### Source records
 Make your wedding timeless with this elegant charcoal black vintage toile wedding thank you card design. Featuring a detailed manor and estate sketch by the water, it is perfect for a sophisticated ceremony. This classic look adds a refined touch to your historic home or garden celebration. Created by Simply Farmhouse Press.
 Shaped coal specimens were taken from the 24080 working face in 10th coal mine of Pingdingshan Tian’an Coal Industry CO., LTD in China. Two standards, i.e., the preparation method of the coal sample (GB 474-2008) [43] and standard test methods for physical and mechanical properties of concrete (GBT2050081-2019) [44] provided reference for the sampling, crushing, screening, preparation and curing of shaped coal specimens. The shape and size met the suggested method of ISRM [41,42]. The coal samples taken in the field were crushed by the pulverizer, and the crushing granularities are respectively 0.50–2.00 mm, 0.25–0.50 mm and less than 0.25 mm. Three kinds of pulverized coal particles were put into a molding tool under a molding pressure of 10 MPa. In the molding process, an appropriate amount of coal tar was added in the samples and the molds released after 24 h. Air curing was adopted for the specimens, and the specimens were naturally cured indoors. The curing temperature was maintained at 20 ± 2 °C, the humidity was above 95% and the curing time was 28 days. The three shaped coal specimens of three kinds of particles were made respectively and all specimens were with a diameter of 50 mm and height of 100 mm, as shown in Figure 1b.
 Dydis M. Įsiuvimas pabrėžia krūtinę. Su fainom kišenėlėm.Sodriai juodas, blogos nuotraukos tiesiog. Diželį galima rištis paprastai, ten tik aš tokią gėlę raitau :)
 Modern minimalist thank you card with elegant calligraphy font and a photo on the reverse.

* * *

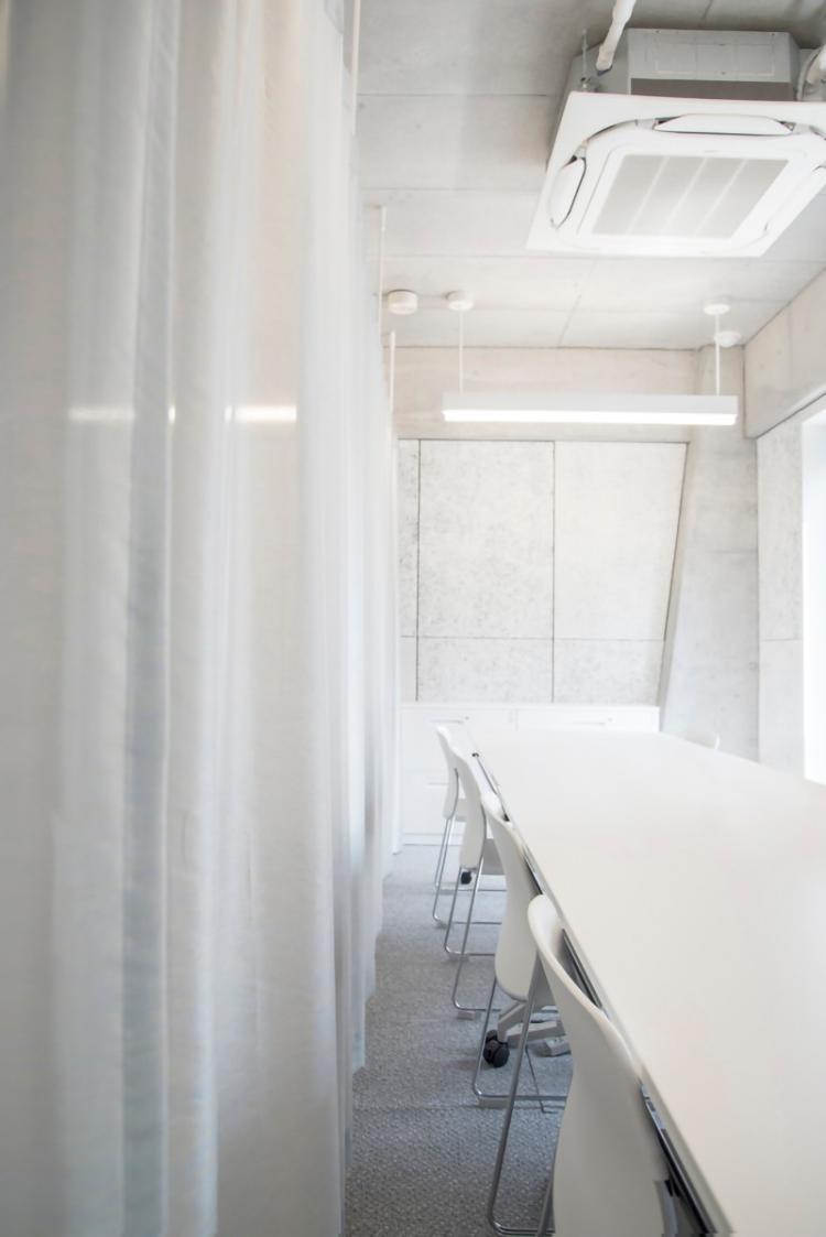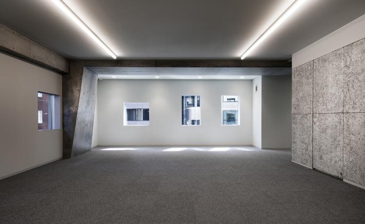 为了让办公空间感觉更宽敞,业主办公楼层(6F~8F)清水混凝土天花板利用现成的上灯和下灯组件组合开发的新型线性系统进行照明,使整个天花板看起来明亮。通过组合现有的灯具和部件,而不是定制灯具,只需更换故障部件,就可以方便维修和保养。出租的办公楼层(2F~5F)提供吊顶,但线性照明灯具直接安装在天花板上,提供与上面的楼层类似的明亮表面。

### What you are asked to do
Copy out each line of the data above, exactly, if it lies between the line holding "Dydis M. Įsiuvimas" and the line holding "Modern minimalist thank", inclusive; copy no other line.

### Output for this task
 Dydis M. Įsiuvimas pabrėžia krūtinę. Su fainom kišenėlėm.Sodriai juodas, blogos nuotraukos tiesiog. Diželį galima rištis paprastai, ten tik aš tokią gėlę raitau :)
 Modern minimalist thank you card with elegant calligraphy font and a photo on the reverse.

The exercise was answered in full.